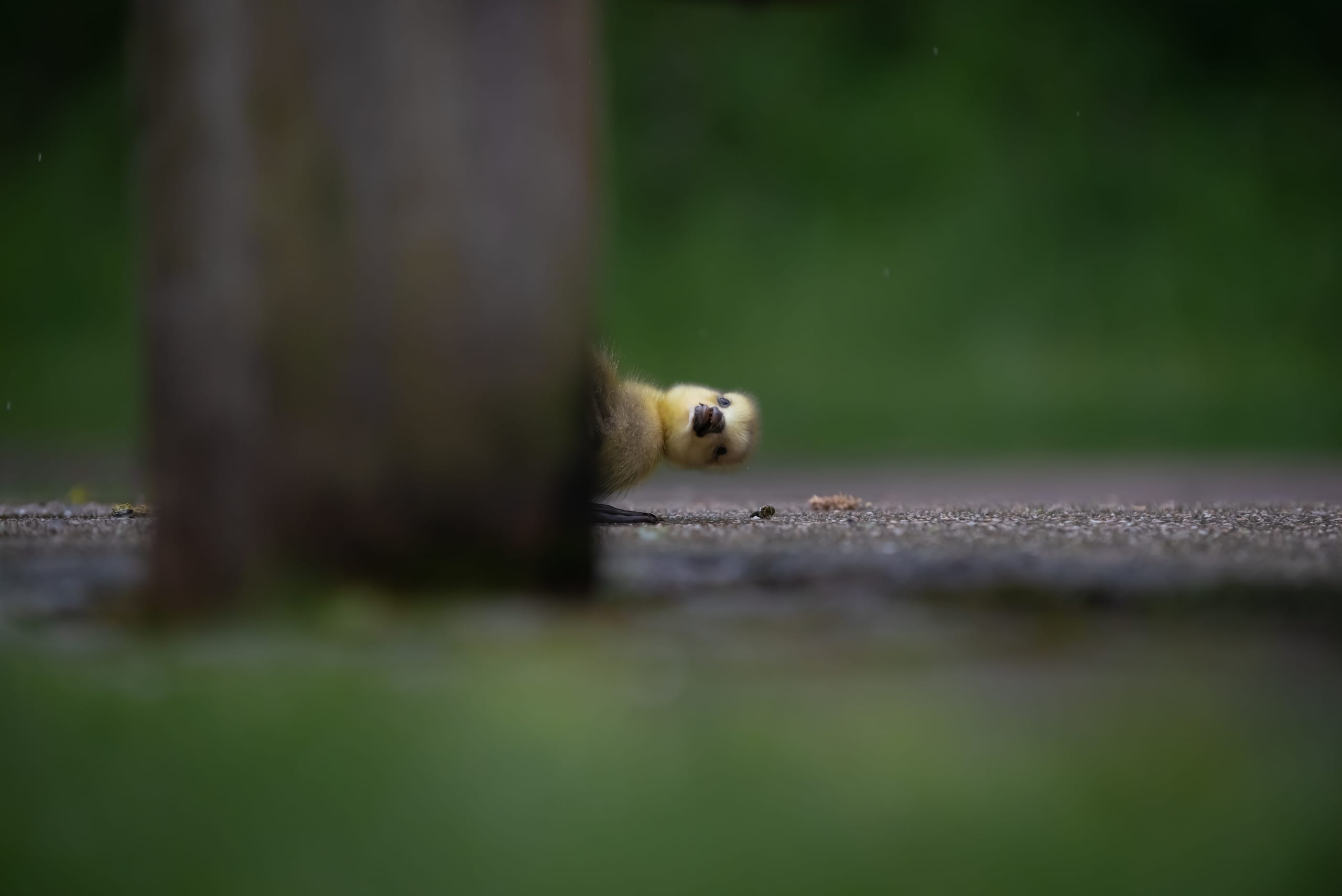 © Charlie Page / Comedy Wildlife Photography Awards 2021Mal schauen, ob die Luft rein ist: Dieses Gänseküken hat sich von seiner Gruppe gelöst und hinter einer Bank versteckt. Abgelichtet im Lee Valley Park, London. -
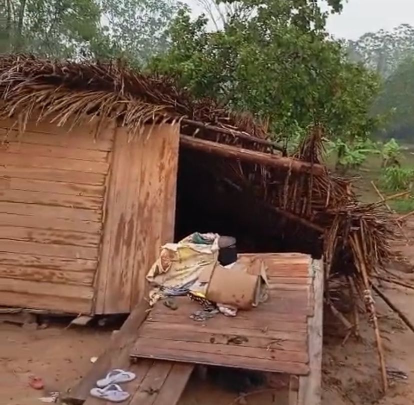 Os moradores da zona rural de Santa Rosa do Purus, no interior do Acre, passaram por momentos de aflição na noite desta quarta-feira (4) por conta de um forte temporal. Segundo relatos, o vento foi tão forte que chegou a derrubar duas casas que ficam localizadas em uma aldeia.
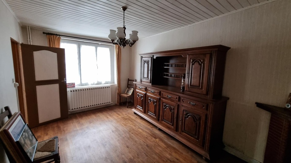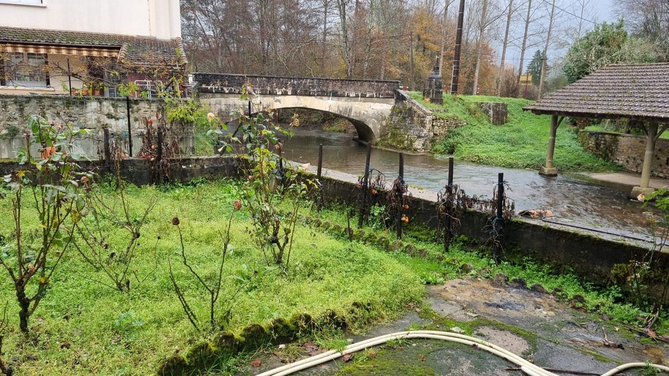 Maison de village comprenant, au rez-de-chaussée, hall d'entrée, cuisine, séjour et toilettes. A l'étage : palier, deux chambres, couloir, salle de bains avec toilettes. Petite sortie sur l'arrière. En face, dépendance à usage de chaufferie avec jardin d'environ 100m² donnant directement sur la Dronne. Autre ancienne habitation séparée avec deux pièces et grenier. Garage double séparé. A moderniser. L'information sur les risques auxquels ce bien est exposé est disponible sur le site des Géorisques : www.georisques.gouv.fr
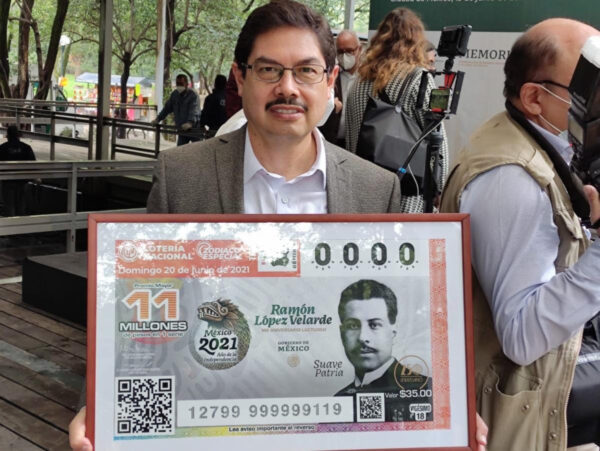 Ciudad de México.- Este domingo fue develado el billete de la Lotería Nacional, conmemorativo a los cien años de la muerte del poeta Ramón López Velarde; asimismo, se llevó a cabo la inauguración de la exposición fotográfica «100 años sin Ramón López Velarde».

Work to be completed »
Here the requirement is to restate exactly the line holding "Maison de village" and every later line through the end of the material, omitting pictures.

Task output »
 Maison de village comprenant, au rez-de-chaussée, hall d'entrée, cuisine, séjour et toilettes. A l'étage : palier, deux chambres, couloir, salle de bains avec toilettes. Petite sortie sur l'arrière. En face, dépendance à usage de chaufferie avec jardin d'environ 100m² donnant directement sur la Dronne. Autre ancienne habitation séparée avec deux pièces et grenier. Garage double séparé. A moderniser. L'information sur les risques auxquels ce bien est exposé est disponible sur le site des Géorisques : www.georisques.gouv.fr
 Ciudad de México.- Este domingo fue develado el billete de la Lotería Nacional, conmemorativo a los cien años de la muerte del poeta Ramón López Velarde; asimismo, se llevó a cabo la inauguración de la exposición fotográfica «100 años sin Ramón López Velarde».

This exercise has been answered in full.